Es verfehlt die Sache, die ökonomischen und familiären Aufgaben der Frau und deren schädliche Wirkungen, das alles als Ausdruck von – im Grunde genommen grundloser – „Frauenfeindlichkeit“, von Frauenhass, „Misogynie“ bzw. allgemein als Folge von mangelndem Respekt zu interpretieren. Dadurch werden all die die gültigen positiven Zwecke, für die Frauen in Beruf und Familie eingespannt sind, samt den negativen Folgen, ziemlich konsequent ausgeblendet, und an Politikern, Kapitalisten, Ehemännern – und sogar am mörderischen Ex – immer nur die fade Eigenschaft festgehalten, dass es sich halt um Männer handelt … So bleibt dann doch ein – verkehrter – Grund übrig, warum Frauen als Niedrigverdienerinnen, Alleinerzieherinnen, Hausfrauen, Sexualobjekte, als Opfer von häuslicher Gewalt und Trennungstötungen wegkommen. Dieser Grund läuft auf das Fehlen einer Bremse beim Umgang mit Frauen hinaus, auf einen Mangel an Respekt.

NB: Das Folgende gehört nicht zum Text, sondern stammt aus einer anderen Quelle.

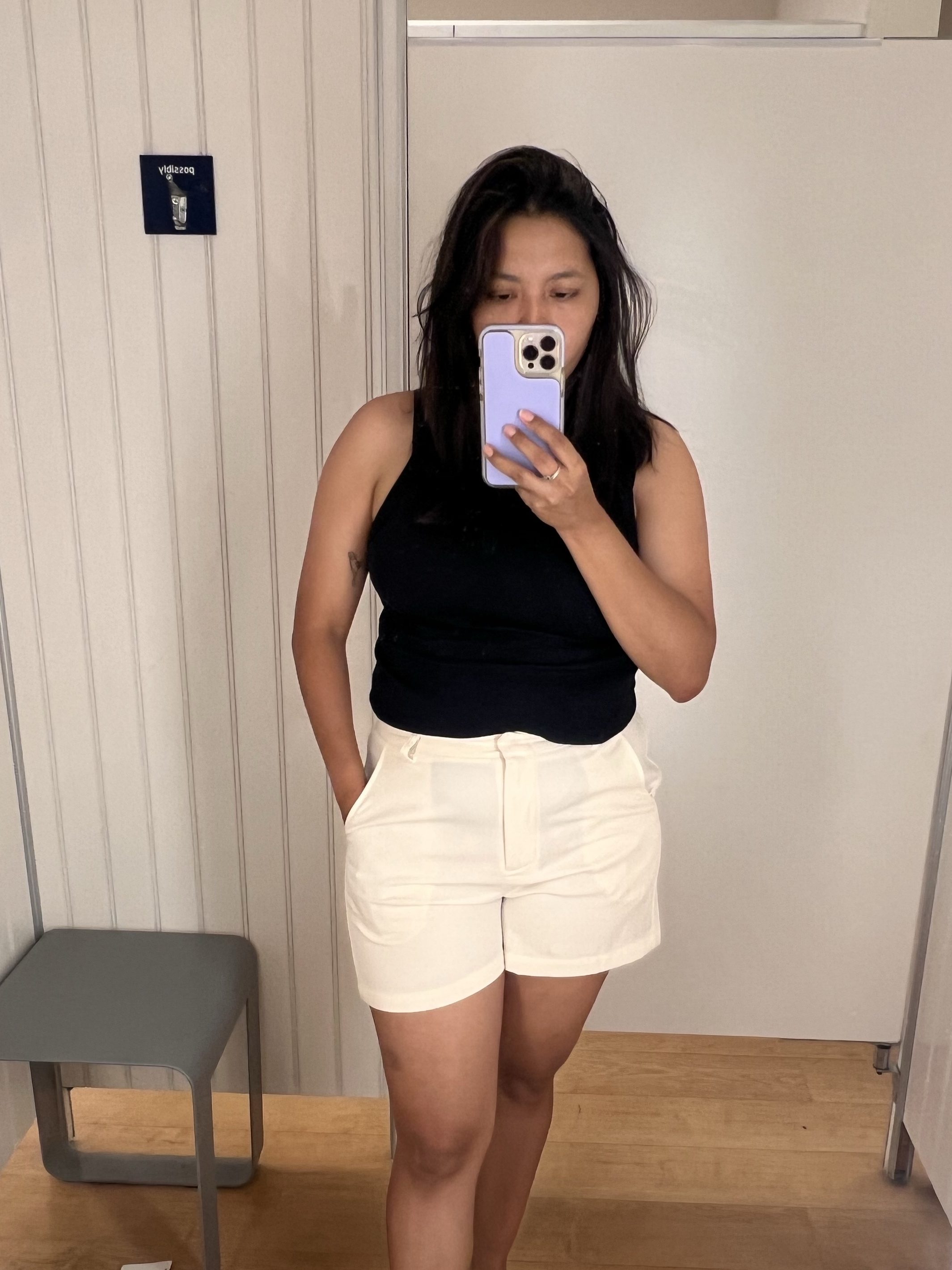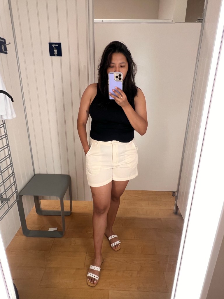 En este caso yo quise hacer un look inspirado en OLD MONEY utilizando prendas básicas como son una top negro y un short en color crema creando un contraste delicado y además agregue una sandalias en color blanco sencillas pero con un toque delicado.Y sumado a ello un maquillaje muy natural.

Nun wird es schon so sein, dass die menschlichen Beziehungen in Demokratie und Kapitalismus allgemein und die zwischen Mann und Frau speziell nicht von einem allseitigen und allgegenwärtigen Respekt getragen sind. Wovon denn dann, das wäre die Frage, worum geht es in Beruf, Beziehung, Familie. Durch die Forderung nach Respekt wird als Ursache weiblicher Probleme eine Freiheit der Männer bestimmt, die beschränkt gehört, durch freiwillige Selbstzucht oder durch die Staatsmacht. Die Rohheit und Gemeinheit, die das Recht auf Glück und speziell auf sexuelle Befriedigung bei Männern hervorbringt, wird damit als selbstverständliche, geradezu naturwüchsige Voraussetzung der Geschlechterbeziehung genommen. Frauen, die vehement der Behauptung widersprechen, die ihnen abverlangten Geschlechterrollen in Beruf und Familie würden ihrer weiblichen Natur entspringen, sie wären also „biologisch determiniert“ – die unterstellen mit ihrer Forderung nach einer Verhaltensbremse genau das beim anderen Geschlecht.